1H, 13C, and 15N resonance assignments of reduced apo-WhiB4 from Mycobacterium tuberculosis

The WhiB4 protein, a member of WhiB-like proteins, plays an important role in the survival and pathology of Mycobacterium tuberculosis (Mtb). As a transcription factor, WhiB4 regulates the expression of genes involved in maintaining redox homeostasis, central metabolism, and respiration. Furthermore, WhiB4 leads to the condensation of mycobacterial nucleoids and is capable of binding to DNA. WhiB4 contains four cysteine residues and exists in multiple forms under different redox environments, including a dimeric holo form with iron-sulfur cluster, multimeric disulfide-linked oxidized apo forms and monomeric reduced apo form.
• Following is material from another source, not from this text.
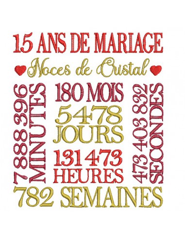 Motif de broderie machine noces de cristal 15 ans de mariage
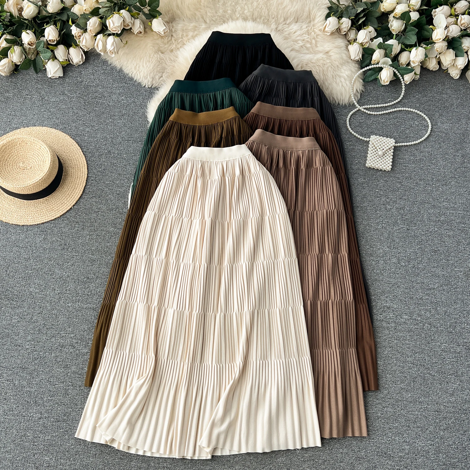Autumn Winter New Knitted Half Length Skirt Versatile Woolen Skirt High Waist Slimming Mid Length Skirt

Here, we report the H-1, C-13, N-15 chemical shifts of WhiB4 protein in its reduced apo state, providing a basis for the determination of its solution structure.

Automated summary

WhiB4 protein, a member of the WhiB-like protein family, plays a crucial role in the survival and pathology of Mycobacterium tuberculosis. Acting as a transcription factor, WhiB4 regulates genes involved in redox balance, central metabolism, and respiration. It exists in different forms under different redox environments, including a dimeric holo form with iron-sulfur cluster, multimeric disulfide-linked oxidized apo forms, and a monomeric reduced apo form.